See how the Ballerina programming language's flexible type system helps developers work with networked resources in their code.

In a programming language, the type system is the foundation for representing data and implementing logic. It provides the means of creating abstractions to the solutions that you provide. While some languages provide basic functionality, others strive to give in-built functionality for specialized domains.

With more services being available in the cloud, the network-distributed programming domain has grown. As the developer is given the added responsibility of working with networked resources in their code, the programming language itself must aid in this operation. That’s why Ballerina’s network-friendly type system is specialized for this domain.

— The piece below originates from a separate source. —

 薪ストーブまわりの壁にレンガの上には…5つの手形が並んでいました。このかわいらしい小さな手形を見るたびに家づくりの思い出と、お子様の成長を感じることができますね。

Statically typed and structural

Ballerina is a statically-typed language, which means type compatibility between the constructs is checked at compile-time. Statically-typed languages are generally more robust to changes and refactorings, easier to debug, and aid in creating better language tooling.

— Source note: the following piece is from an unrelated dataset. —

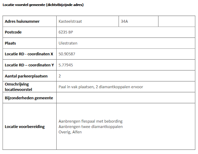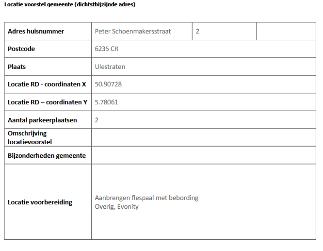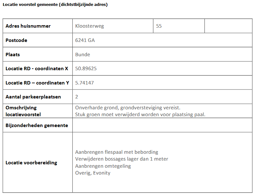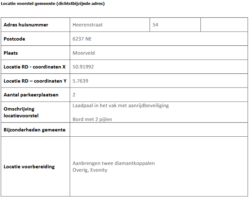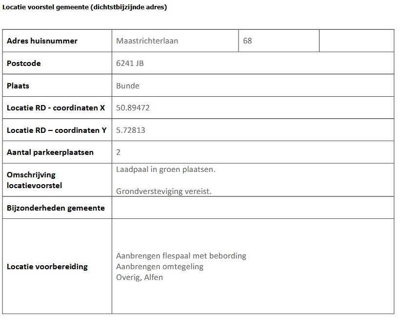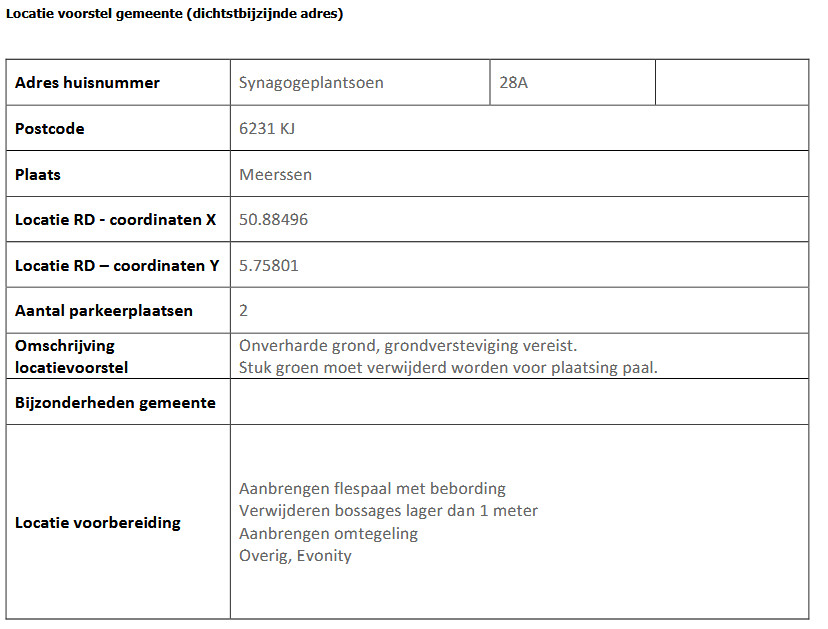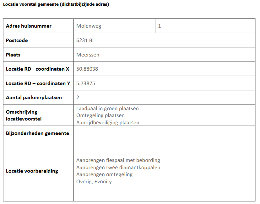 Het aanwijzen van twee parkeerplaatsen als parkeergelegenheid alleen bestemd voor het opladen van elektrische voertuigen, door plaatsing van de borden model E8c van het Reglement verkeersregels en verkeerstekens 1990 (RVV 1990) met, indien van toepassing, een onderbord model OB 504 (schuine pijl links en/of rechts), om de parkeerplaatsen aan te duiden, één en ander conform bijgevoegde situatietekening in Bijlage, op de volgende locaties in de gemeente Meerssen;
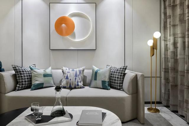 ▲沙发墙以硬包背景墙基础,挂上一副方形的装饰画,画面内容是一个圆环+黄色的圈圈,布置灰色沙发,侧边的金属落地灯,呈现出一种华丽活泼的高级画面感。

The type system of the Ballerina language is primarily structural with added support for nominal typing. This means that the type compatibility is identified by considering the structure of the value rather than just relying on the name of the type. This is different from languages like Java, C++, and C# that have nominal type systems in which it is bound by the name of the actual type.

Shapes in Ballerina

Types in Ballerina deal with an abstraction of values that don't consider storage identity. This abstraction is called a shape. For simple types like int and boolean, there is no difference between a shape and a value because they don't have a storage identity. To understand the concept of a shape, let’s look at the record type in Ballerina. Because records have storage identity, a reference to the value is stored in the variable rather than storing the actual value. This is comparable to references in Java or pointers in C++.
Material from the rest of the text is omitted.